The latest focus is on big data. For Silicon Valley’s evangelical techno-optimists, the combination of big data and artificial intelligence could eventually dispense with the need for human agency altogether. Already, a growing number of firms are betting that more and better use of data can give them a tangible competitive boost in the here and now: more detailed knowledge, and better analysis - of customers, employees and the business environment - have the potential to reduce risk and uncertainty and radically improve decision-making. In an information age, competitive edge will surely accrue to those firms which use information best. Won’t it?
We shouldn’t assume so. Managers are wrong to put their faith in any such certainty, argue Jonas Ridderstrale and Julian Birkinshaw in their new book, Fast/Forward. The title sums up a deceptively simple theme: in a fast-changing world, mountains of data and super-detailed analytics can get us only so far. Indeed, they carry risks of their own. Ridderstrale and Birkinshaw observe that many companies are more comfortable analysing and debating than acting decisively and intuitively. The default assumption that more and better information is always better actually cramps companies’ ability to move fast. To navigate the future, the ability to act with decision and purpose will trump big data. Priorities need to be reversed.
As Birkinshaw admits, theirs isn’t the first call to action. But the prescription is far from easy to put into practice. It involves issues of strategy, organisation and leadership. It also requires an ability to accommodate priorities that are pulling in different directions. It entails getting to grips with some awkward paradoxes thrown up by the information age. Crucially, it goes beyond the competitive-advantage, ‘built to last’ view of business success. Business is constantly evolving, and no competitive advantage lasts forever. ‘What we need instead,’ write the authors, ‘is for companies to figure out how to make the rate of change inside at least as rapid at the rate of change outside… Fast/Forward companies have an evolutionary advantage: they are fit for the future’.
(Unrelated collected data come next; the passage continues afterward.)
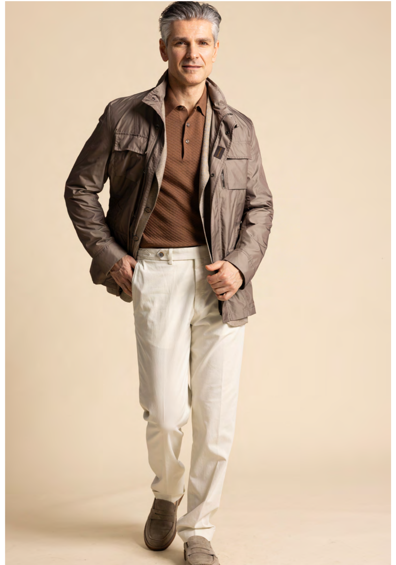
MooReR Field Jacket 7.300 kr.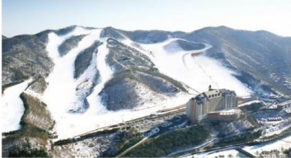
กิจกรรมลานสกี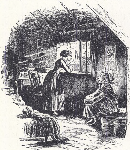
Lilla Dorrit berättar sagor.

läggande av förhållandena är vad många önska, så att man kan få ett nägorlunda klart begrepp över hur förhållandena gestalta sig på förläggningarna och vilka av A. K:s ukaser som måste ändras.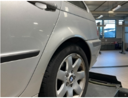
25. Lakk / karosseri utvendig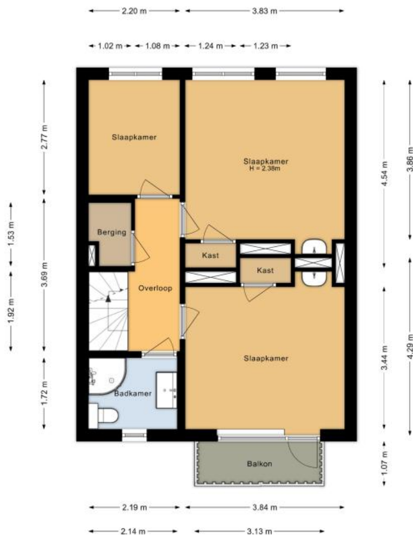
Eerste verdieping Hoogduinweg 56 De Zilk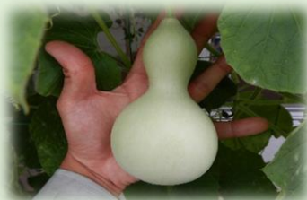
手のひらくらいの大きになりました！

前回の汗かき通信で紹介したひょうたんのグリーンカーテンに実ができました。今年は例年に比べ大きく育っていますが数が少ないです。量より質の年のようですので大切に大きく育てていきたいと思っています。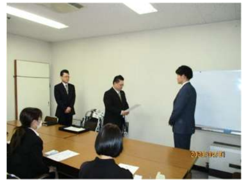
皆さん、これからよろしくお願ひします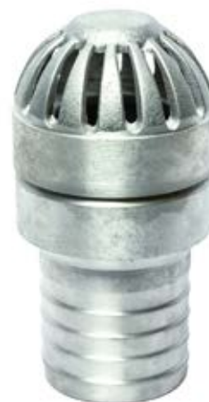
ALUMINIJUMSKA USISNA KORPA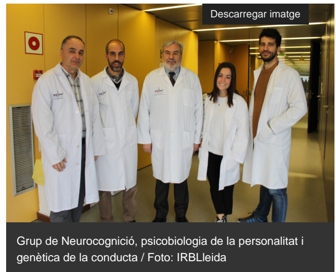
Grup de Neurocognició, psicobiologia de la personalitat i genètica de la conducta

El lòbul frontal del cervell, relacionat amb el control de la conducta, és capaç de diferenciar diverses fases de la memòria de treball ( Working Memory ), codificació, retenció i recuperació, segons la complexitat del record. Així ho revela una recerca del grup Neurocognició, psicobiologia de la personalitat i genètica de la conducta [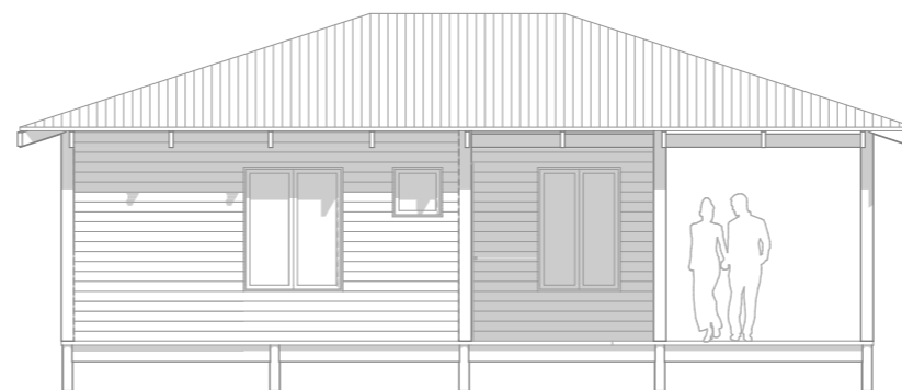
ALCADO LATERAL DIREITO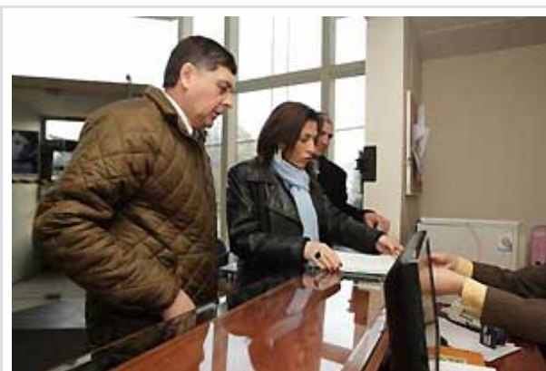
Alvarado presentó los documentos junto a la intendenta de la Región de Aysén, Pilar Cuevas.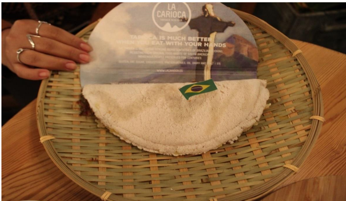
Imagem 13 - Tapioca gourmetizada no La Carioca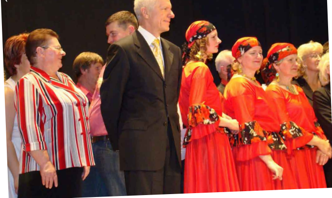
Pašdarbības festivālā Ventspilī

Mīlestību es jums visiem novēlu, ģimenes siltumu un mīlestību. Viss pārējais ir pārejošs.▲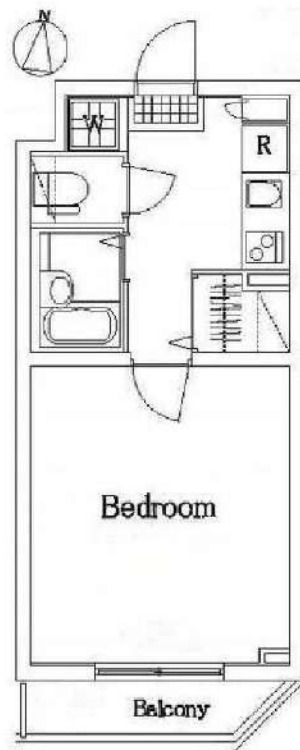
図面が現状と異なる場合は現状優先とします。 更新料:新賃料の1.5ヶ月分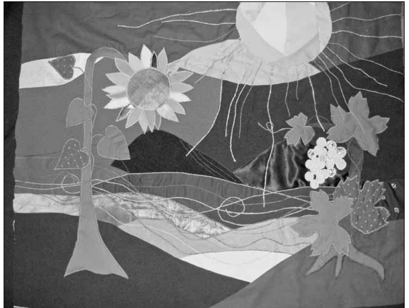
A balatonboglári zöld oltárterítő

hogy milyen sokan jöttünk össze, hogy a mai alkalomra együtt készüljünk elő. Rendeztük a kertet, díszítettük a templomot, pakoltuk a termet jó kedvvel, nagy beszélgetésekkel. A gyerekek ugyan kikotyogták, de nekem így is nagy meglepetés az énekkar szolgálata. És nemsokára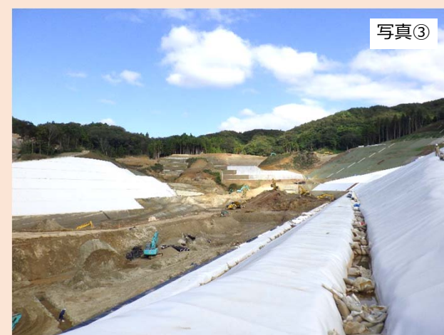
埋立地南側の斜面（③地点）から北東方向（第1期埋立地予定地）を撮影したものです。 埋立地付近の造成工事を行っております。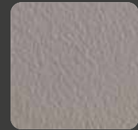
Macchiato 2 20237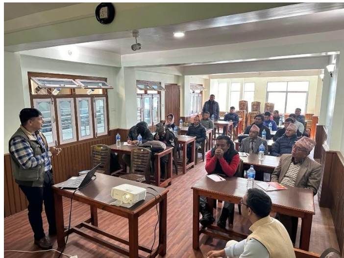
सा.व.उ.स समूहलाई लेखा तथा अभिलेख व्यवस्थापन तथा माईनुट लेखन तालिम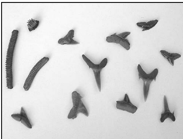
Een greep uit de vondsten

Onderin de groeve komen in het kleipakket plaatselijk dunne zandlaagjes voor met schelpengruis en kokerwormen. De haaietandjes en -tanden kunnen vooral in deze laagjes worden gevonden. Plaatselijk kunnen deze laagjes verdikt zijn tot lenzen die dan zelfs grote hoeveelheden tanden bevatten. Door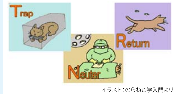
イラスト:のらねこ学入門より

私達のもとにはたくさんの苦情も寄せられますが、「最近野良猫が随分減ってきましたね」という声が数多く届くようになってきました。芦屋市内から、兵庫県動物愛護センターへ持ち込まれ殺処分となっている猫の頭数も、年々減少傾向にあるようです。これ以上不幸な命を増やさないためにも、私達のTNR活動が役立っていることを信じて、今後も頑張りたいと思っています。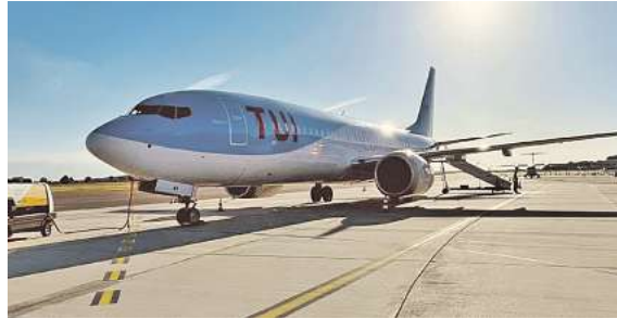
Fliegen ab Braunschweig - exklusiv bei momento by DER SCHMIDT

Die Nachfrage nach „Fliegen ab Braunschweig“ ist riesig. Schon ab € 599,- gibt es Angebote in die Sonne. Mit dem „Boutique VIP Erlebnis“ ab dem neuen Passagierterminal. Den Katalog, weitere Informationen und Buchungsmöglichkeit dieser exklusiven Angebote unter www.fliegen-ab-braunschweig.de , in den FIRST Reisebüro Schmidt und weiteren Reisebüros der Region oder unter der kostenfreien Buchungshotline T. 08 00 / 38 300 38 (Mo-Fr. 9 – 18, Sa. 9 – 13 Uhr).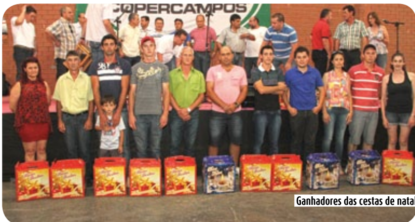
Ganhadores das cestas de natal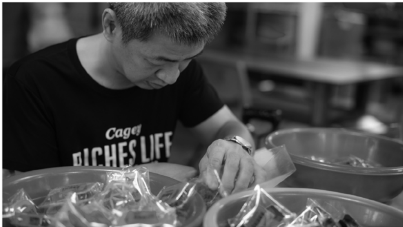
將近三十年的白天都來瑞復接受職能治療與生活自理訓練的智強，讓自己不會成為家人無法喘息的重擔。

興趣，甚至參與糖果、文具、艾草條等包裝代工，中強可以一邊強化身體與心智機能，一邊累積成就感與滿足感，不讓自己成為家人無法喘息的重擔。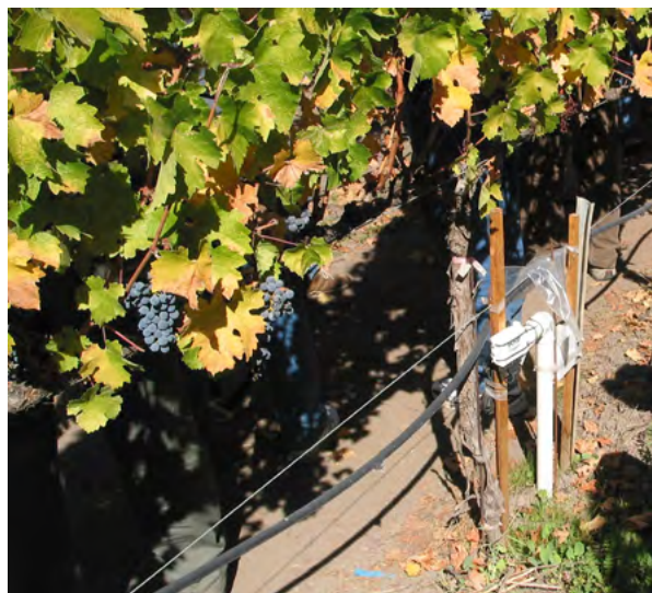
Riego de parras con tubería de goteo.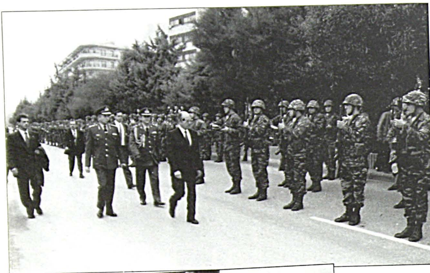
Άφιξη του Προέδρου της Δημοκρατίας στο χώρο του Μνημείου. Arrival of the President of the Republic at the Monument site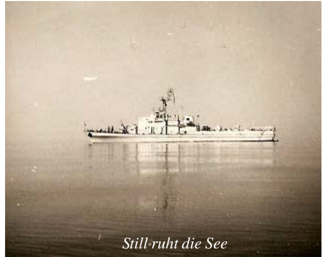
Still-ruht die See

Wenn es die Wetterlage erlaubte und die See war wie ein Spiegel, kam etwas Romantik auf.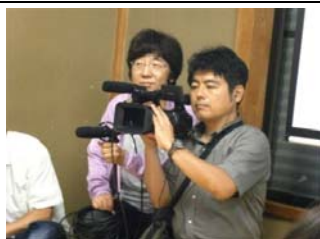
映学社の監督とカメラマン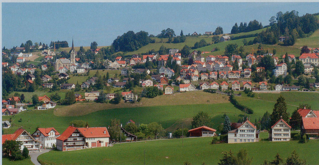
Ansicht vom Standort Wald.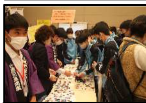
缶バッチ作成(商業)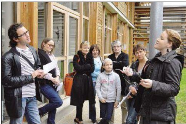
ENQUÊTE. Une cinquantaine de participants a pris part au jeu organisé par l'Amiral Flottant.

Comme chaque année, une après-midi de clôture était organisée pour célébrer les résultats du prix littéraire adulte de l'ABLF. Le grand public, composé en grande majorité de lecteurs, était invité à participer à un jeu d'enquête organisé par l'association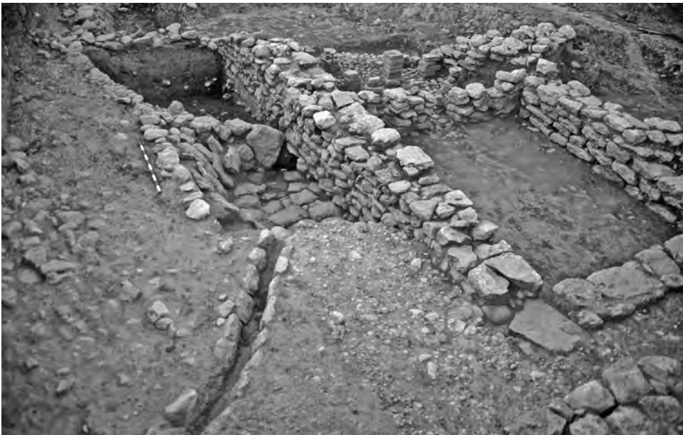
Fig. 8. Detall d'una de les estructures construïdes amb lloses, corresponents a la fase III.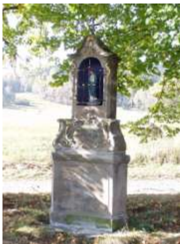
Modrá kaple u Petrovic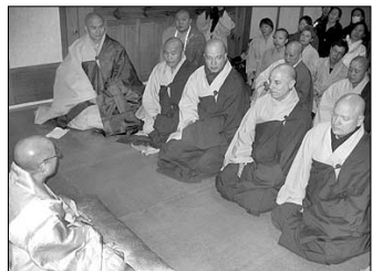
해의 한국불교 수행자 한국문화 체험이 12월 1일부터 10일까지 합천 해인사, 김천 청암사 등지에서 열렸다.

참가자들은 1일 서울 회계사에서 입재식을 시작으로 2일 한국민속촌 및 천안 독립기념관, 4일 여진미술관 등을 방문했다.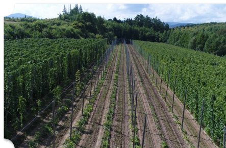
上富良野 観光タクシーで各所巡り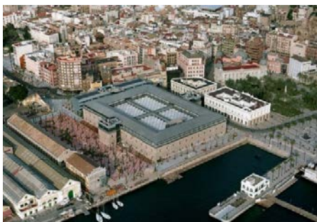
Sede del Congreso

La sede del congreso será la Facultad de Ciencias de la Empresa de la Universidad Politécnica de Cartagena (Calle Real, 3 - 30201 Cartagena, Murcia), donde se habilitará el Salón de Actos Isaac Peral, el Salón de Grados y distintos espacios para stands y exposiciones de las empresas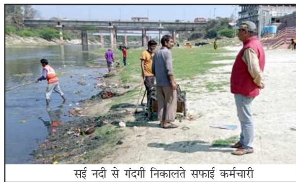
सई नदी से गंदगी निकालते सफाई कर्मचारी

सई नदी से भी गंदगी निकालने का हुआ प्रयास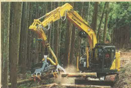
ハーベスタ：立木の伐倒・材の枝払い・玉切りまでの一連の工程を1台で行う機械。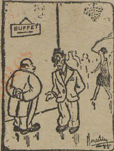
—¿No baila usted con esa joven vestida de negro?

—Jamás en la vida!... Fuma mucho, y llevo gafas de celuloide.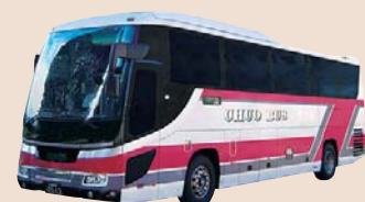
北海道中央バス 空知中央バス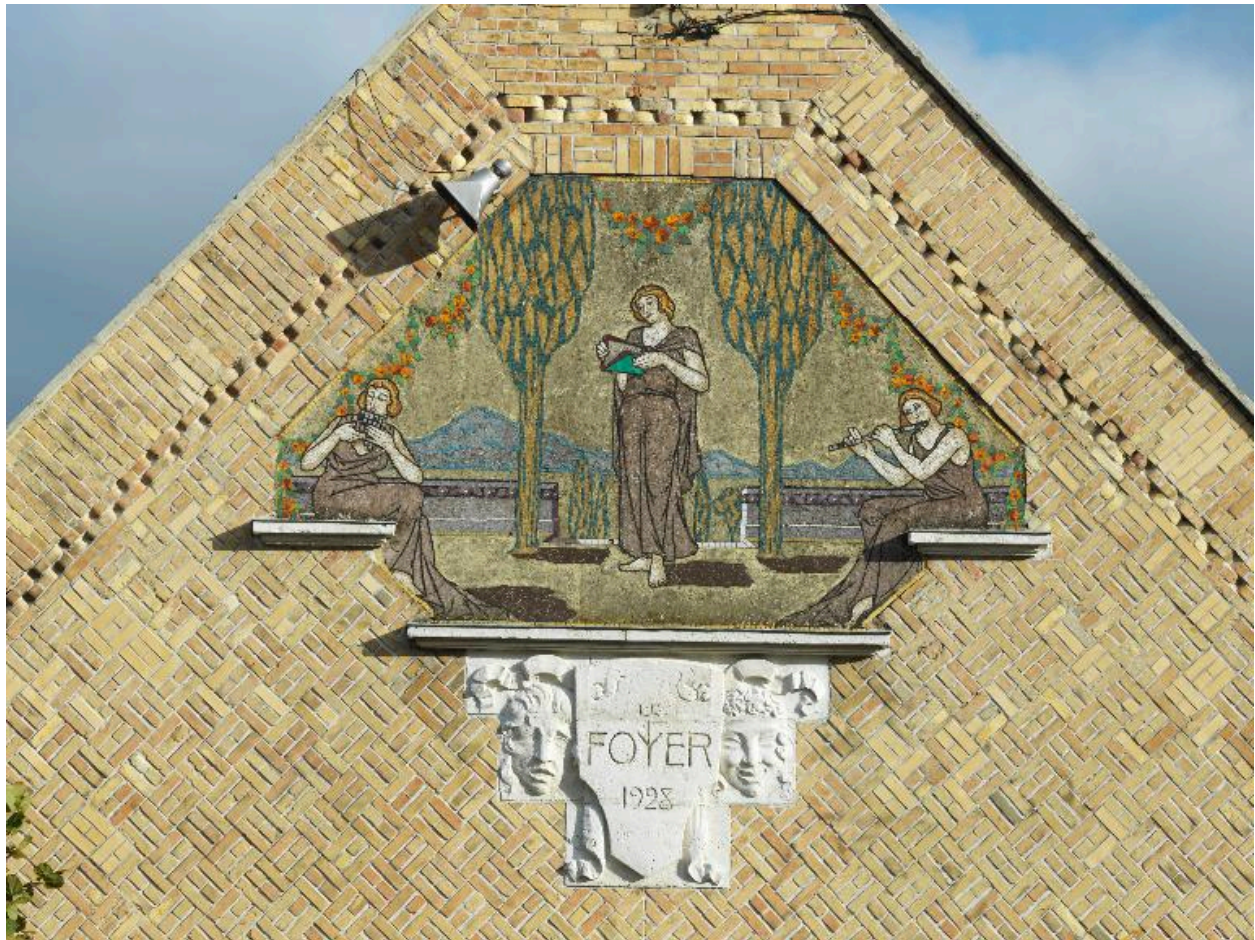
Détail du décor de mosaïque et sgraffite sur le pignon.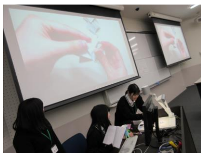
H班「キャッチだま」 発表者：兵庫商業高校生4名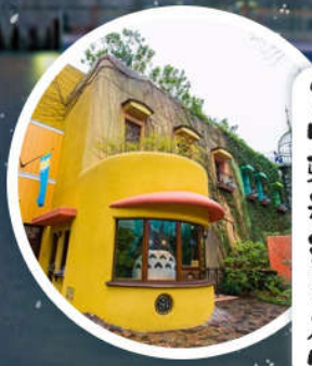
宫崎骏动漫美术馆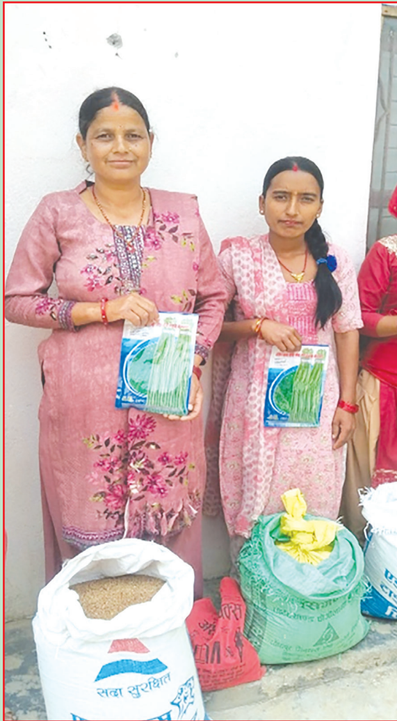
कुमाख गा.पा. सल्यान- रैथाने बालीको बीउ वितरण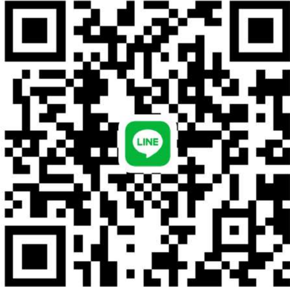
กลุ่มประมวลผลกรีฑา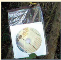
河北某地树上的《九评》光盘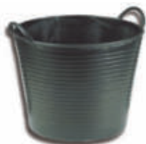
IMCES38N Capazo negro Negro - 38 litros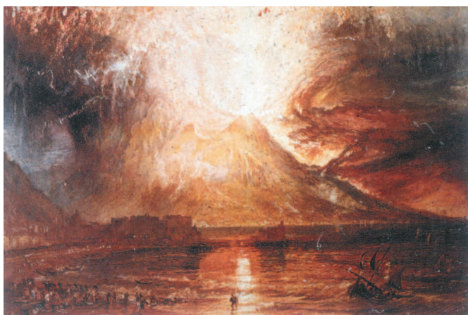
Уильям Тернер. Извержение Везувия. Около 1817 г.

Восхищение могуществом природы нашло отражение в пейзажах. Вспышки света и мрачная тяжесть туч, зеркальные отблески вод и громады высящихся над ними гор передают впечатление от созерцания буйства стихии. Такова акварель Тернера, запечатлевшая извержение Везувия. Художник вместил на небольшой лист детали, которые усилили грандиозность события.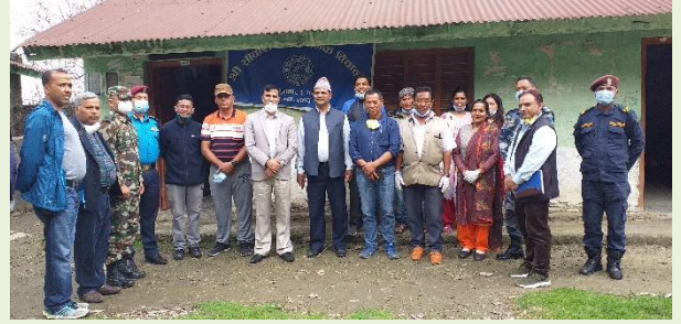
कास्की जिल्लागत CCMC टोलीबाट मादी गाँउपालिका वडा नं ३ स्थित सिताराम मा.वि.मा संचालित क्वारेन्टाइन स्थलको अनुगमन

कास्की जिल्लागत CCMC को टोलीबाट विभिन्न मितिमा कोभिड-१९ को संक्रमण रोकथाम तथा नियन्त्रण व्यवस्थापनका लागि स्थानीय तहहरूबाट सञ्चालित क्वारेन्टाइन स्थलहरूको अनुगमन निरिक्षण भएको छ।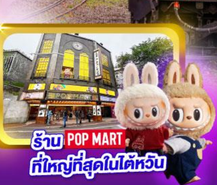
รับ POP MART ที่ใหญ่ที่สุดในไต้หวัน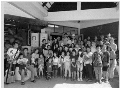
2020全教會退修會圓滿結束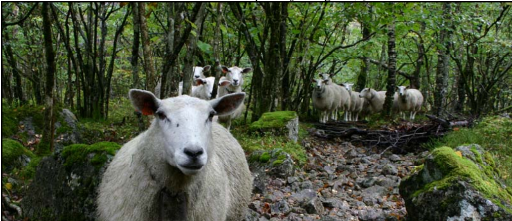
Saubeite set tydeleg preg på marksjiktet og "beiteskogen".

Beiting vil kunne halda fram slik det har vore praktisert dei seinare åra. Vesentleg endring av beitebruk og nye dyreslag som vil kunne ha uheldig innverknad på naturmiljøet, t.d. meir konsentrert/uheldig beitepress eller redusert naturleg forynging av treslag, er likevel ikkje tillate. Naudsynte tiltak/inngrep i samband med beitedrifta, som t.d. utbetring av skårfeste og oppsetting av gjerde er i utgangspunktet i strid med regelverket. Eventuelle tiltak i samband med beitedrift vil måtte vurderast i høve til dispensasjonsregelen, § 7 i forskriftene.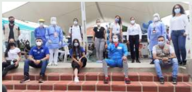
Foto Historia: “El Centro Margarita cumple dos años”

El Centro La Margarita, ubicado en el corregimiento de La Parada, cumplió dos años de servicio en septiembre. En el Centro se prestan servicios como orientación jurídica y psicosocial (CORPRODINCO), control prenatal, atención primaria en salud a menores y planificación familiar (IRC), atención médica y entrega de medicamentos (Cruz Roja Colombiana), atención en salud sexual y reproductiva y medicina general (Profamilia) y atención en salud mental y apoyo a personal sanitario (OPS/OMS); y de la administración del Centro se encargan ACNUR y Opción Legal.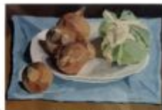
naturamorta 1992 cm 24x30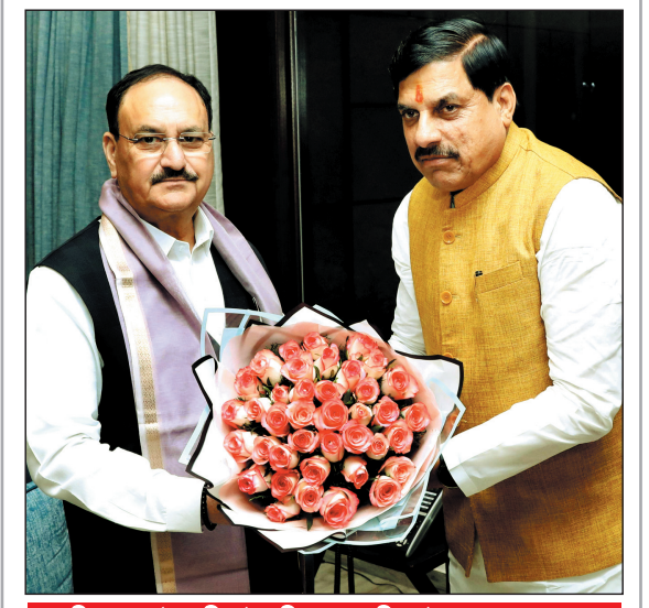
सीएम ने की केंद्रीय मंत्री से मुलाकात

The information age carries the seeds of its own destruction
The starting point is the counterintuitive way the world is changing. One of the paradoxes of progress is that the information age carries the seeds of its own destruction. Where data is ubiquitous and search costs zero, it becomes a commodity that can’t confer distinctive or enduring advantage. So at the same time as steering a course through huge oceans of data, firms have to look over the horizon to the next stage.
There is a less obvious point. Yes, there has been and is a steady generational increase in human intelligence; but the overall global stock of knowledge is growing even more quickly. So relative to that global measure, we are each becoming more ignorant. The more we know, the more we don’t understand. The implication is this: the ability of any individual, however insightful, to master all the disciplines needed to guide a firm of any size lessens by the day. To quote Warren Bennis, ‘None of us is as smart as all of us’.
Furthermore, the more connected the world, the more complex it becomes. Variables and feedback loops become ever more numerous and entangled – their complexity outstripping the ability of computers to provide meaningful results – and this even before the full-blown internet of things. The result is a non-linear business landscape where the only thing that can be predicted is unpredictability.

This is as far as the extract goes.